Es kursieren Gerüchte über Preise von sieben US-Dollar für ein Kilo Brennholz. Und ein Waisenhaus von dieser Dimension kann sich das nicht leisten. Die 850 kleinen Kinder in allen Altersgruppen sind dort in kalten Räumen. Das einzige was diese Räume erwärmt ist die Menge der Menschen, die sich darin aufhält. Uns ist das so nahe gegangen, dass wir spontan die Aktion Brennholz ins Leben gerufen haben. Hier bei uns im Camp liegt so viel Holz – alte Paletten, Sperrholz, Reste unseres Bauholzes – dass wir beschlossen haben, dieses Brennholz zu sammeln und zu diesem Waisenhaus zu bringen.

Wird sich das wiederholen oder war es eine einmalige Geschichte?

Wir haben den Eindruck gewonnen, dass jede Hilfe hier in Afghanistan im Prinzip nur ein Tropfen auf den heißen Stein ist. Man kann gar nicht genug geben. Es wird immer zu wenig sein. Wir sind am Sonntag (28.12.) in dieses Waisenhaus gefahren, mit einem großen LKW voller Brennholz und einem kleinen VW-Bus voller Süßigkeiten. Die hatten wir aus unseren ganzen Weihnachtspaketen gesammelt, weil wir gar nicht so viel Schokolade essen können. Sie können sich gar nicht vorstellen, wie anrührend es war, die Kinder zu sehen, die dort mit großen Augen die Schokolade angestarrt haben und ihr Glück gar nicht fassen konnten.
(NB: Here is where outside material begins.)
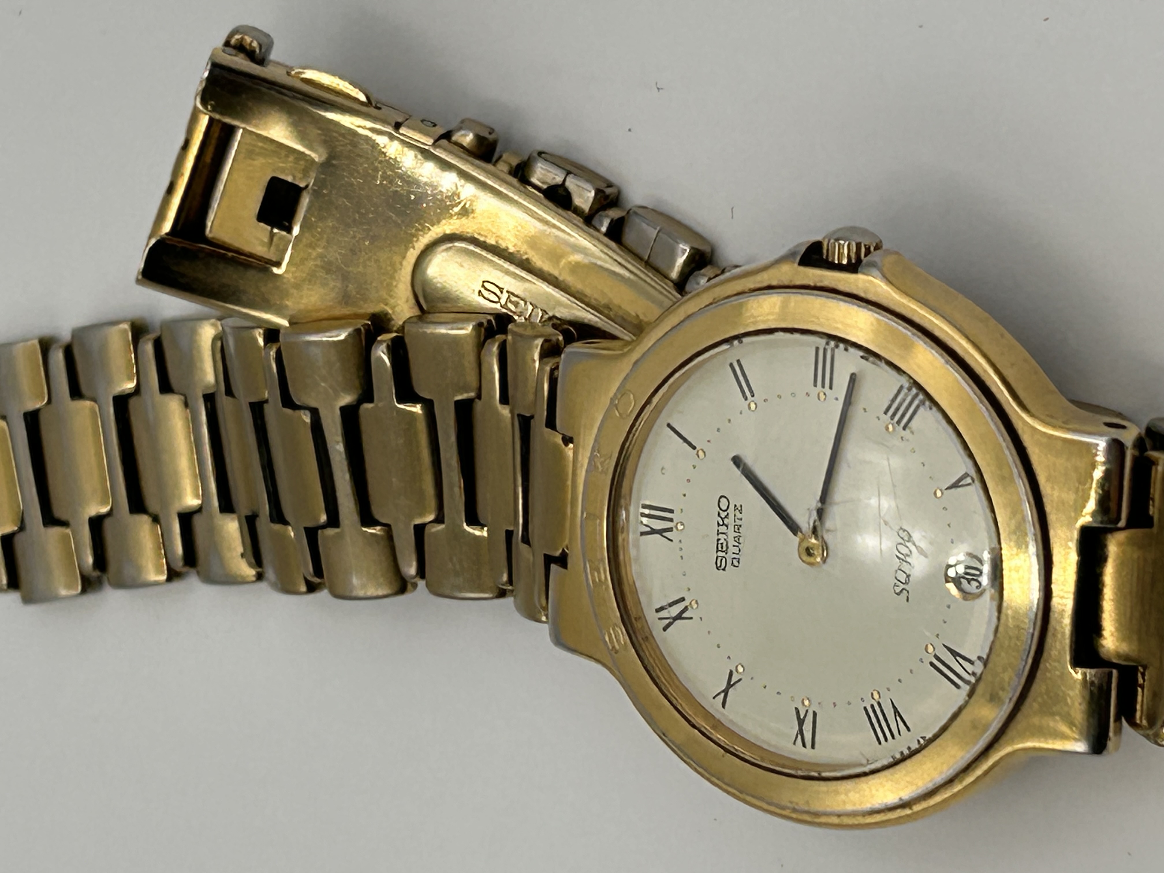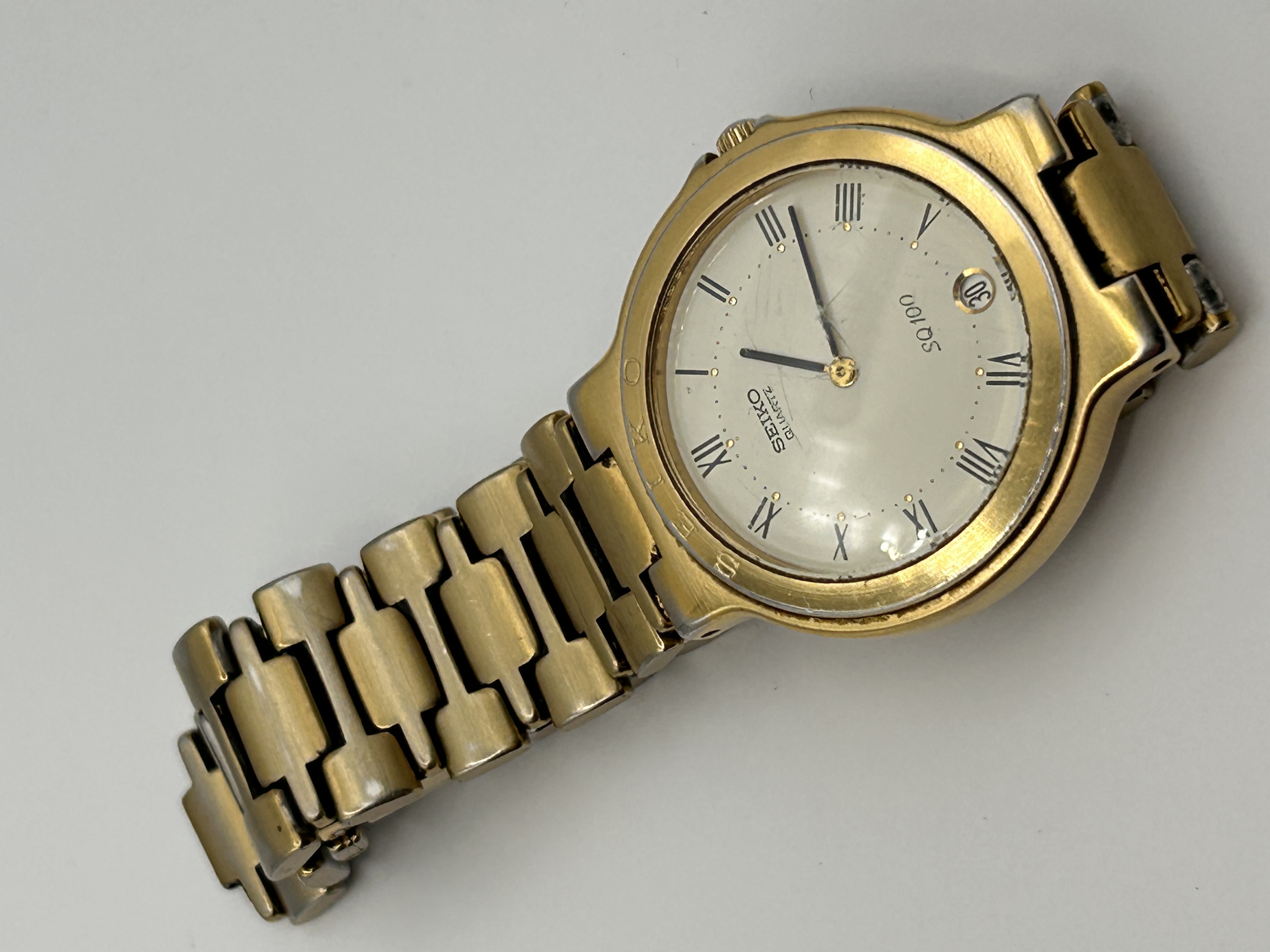 A Seiko SQ 100 analog quartz wristwatch featuring a round gold-tone metal case. The dial is a pale champagne or silver-tone color, marked by black Roman numerals (I-XII) and a minute track. The dial is inscribed “SEIKO QUARTZ” above the center and “SQ 100” below. The watch includes a date aperture positioned at the 6 o’clock marker. It is fitted with a matching gold-tone linked bracelet secured by a deployant clasp engraved with the Seiko name.

Wahrscheinlich werden auch die Silvesterfeierlichkeiten ein wenig anders aussehen als zu Hause, oder?

Ja, der Begriff Rakete hat in Afghanistan einen etwas anderen Klang, vor allem wenn man hier als Soldat tätig ist. Aber Silvester geht schon mehr die Party ab als an Weihnachten. Im Planet Kabul – das ist sonst unser Feldkino – ist eine große Disco. Radio Andernach liefert die riesengroße Musikanlage, wir haben einen Discjockey und dann lassen wir so richtig die Kuh fliegen.

Was haben Sie denn für Wünsche für's neue Jahr?

Wenn man in diesem Waisenhaus gewesen ist, da werden die eigenen Probleme und die eigenen Wünsche klein. Ich hoffe bloß, dass dieses Land irgendwann mal wieder auf die Beine kommt, und dass diese Kinder nicht so aufwachsen müssen, wie das ihre Eltern vielleicht getan haben. Und dass endlich das Elend für diese Kinder aufhört.